[Opening Supplied material section]

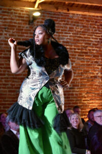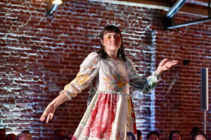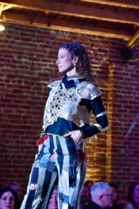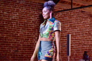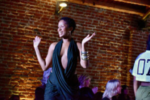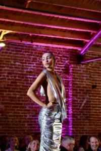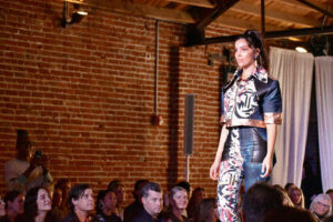 A model wearing Guevel takes the runway during the Social Couture event; photo by Nikki Overfelt Chifalu, Startland News
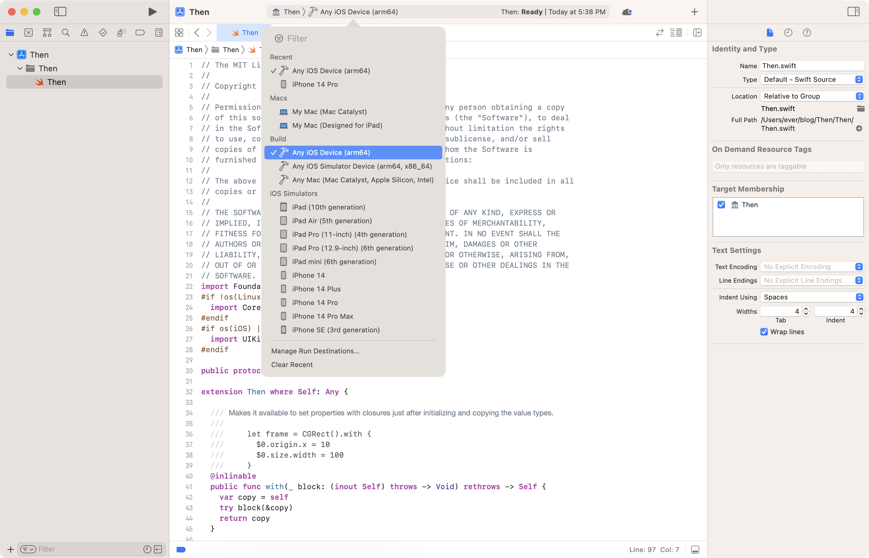 빌드를 시도하려고 보니 Sources/Then/Then.swift 파일 하나만 있다.... 다른 프레임워크들은 프로젝트의 형태로 제공되어 아키텍쳐별 빌드 및 XCFramework로 합쳐주면 되지만 이건 라이브러리 또는 프레임워크 프로젝트를 별도로 생성해서 빌드해야 한다. 먼저 라이브러리 프로젝트를 만들어서 시도해 보자.
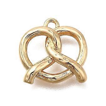 Brass Pendants Pretzel Charms Real 14K golden Plated 12x12.5x3mm Hole: 1.2mm
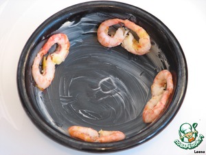 Формочку обмазываем сливочным маслом. Часть креветок прикрепляем к бортикам.
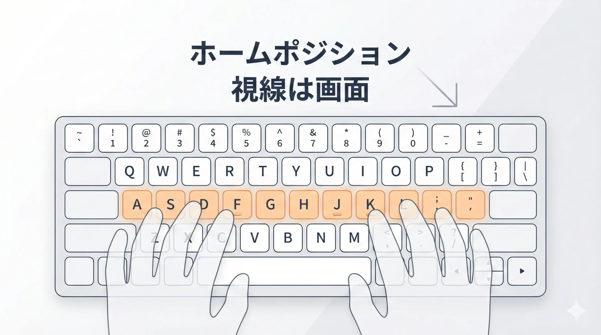 ブラインドタッチの出発点は、ホームポジションの徹底です。
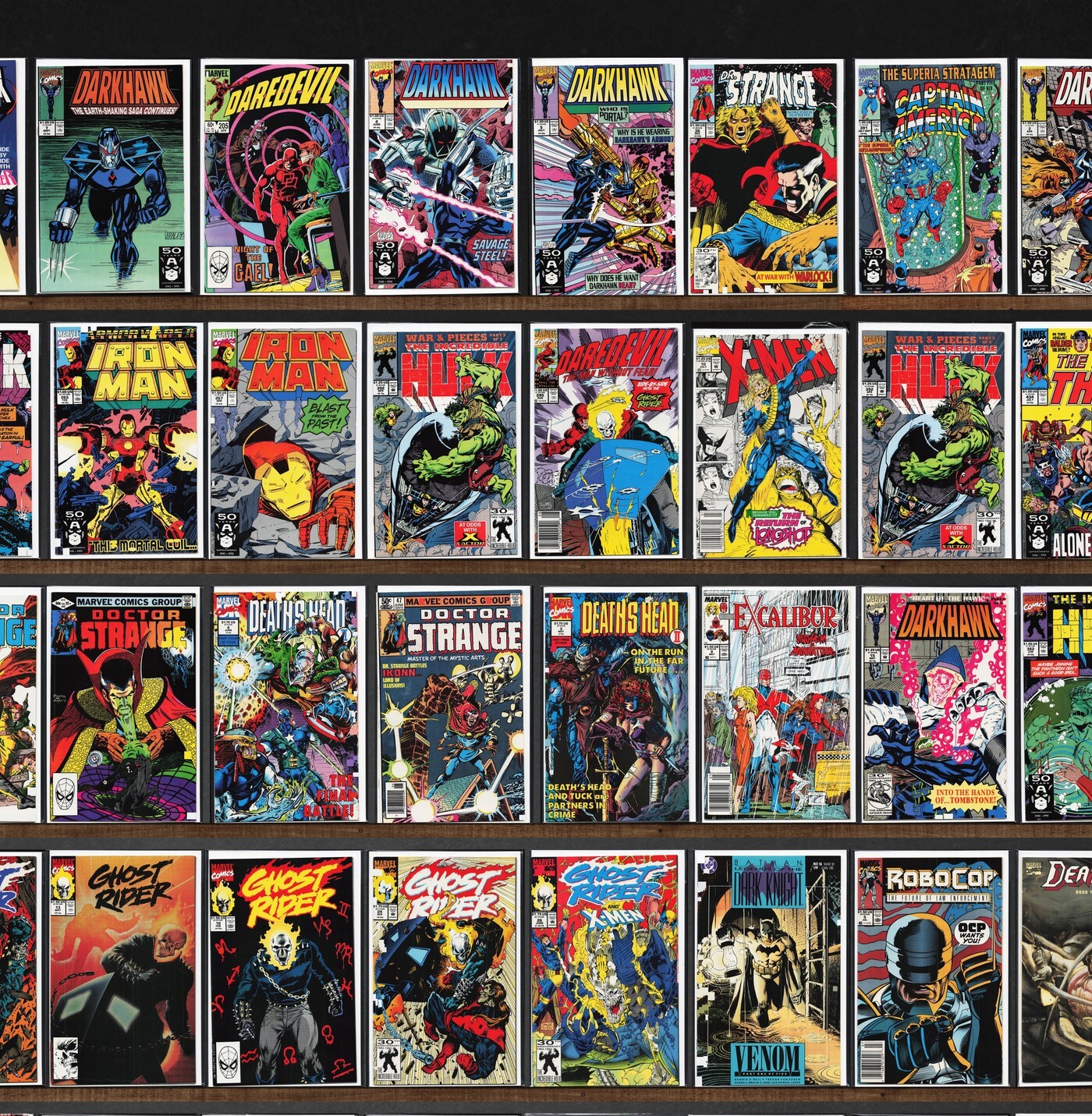 The Incredible Hulk, The Mighty Thor, Daredevil, Iron Man, Ghost Rider, Darkhawk, Excalibur, Deathlok, Doctor Strange, Wolverine, Death&, Captain America, Avengers West Coast, Namor, The Sub Mariner, X-Force, Thor, X-Men, Robocop, Stalkers, X-Factor, The Infinity War, Silver Surfer, Death'S Head Ii, Fantastic Four, Black Knight, The Avengers

[Closing Supplied material section]

#### Work item
Make an exact copy of every record, pictures excluded.

#### Final answer
 A model wearing Guevel takes the runway during the Social Couture event; photo by Nikki Overfelt Chifalu, Startland News
 빌드를 시도하려고 보니 Sources/Then/Then.swift 파일 하나만 있다.... 다른 프레임워크들은 프로젝트의 형태로 제공되어 아키텍쳐별 빌드 및 XCFramework로 합쳐주면 되지만 이건 라이브러리 또는 프레임워크 프로젝트를 별도로 생성해서 빌드해야 한다. 먼저 라이브러리 프로젝트를 만들어서 시도해 보자.
 Brass Pendants Pretzel Charms Real 14K golden Plated 12x12.5x3mm Hole: 1.2mm
 Формочку обмазываем сливочным маслом. Часть креветок прикрепляем к бортикам.
 ブラインドタッチの出発点は、ホームポジションの徹底です。
 The Incredible Hulk, The Mighty Thor, Daredevil, Iron Man, Ghost Rider, Darkhawk, Excalibur, Deathlok, Doctor Strange, Wolverine, Death&, Captain America, Avengers West Coast, Namor, The Sub Mariner, X-Force, Thor, X-Men, Robocop, Stalkers, X-Factor, The Infinity War, Silver Surfer, Death'S Head Ii, Fantastic Four, Black Knight, The Avengers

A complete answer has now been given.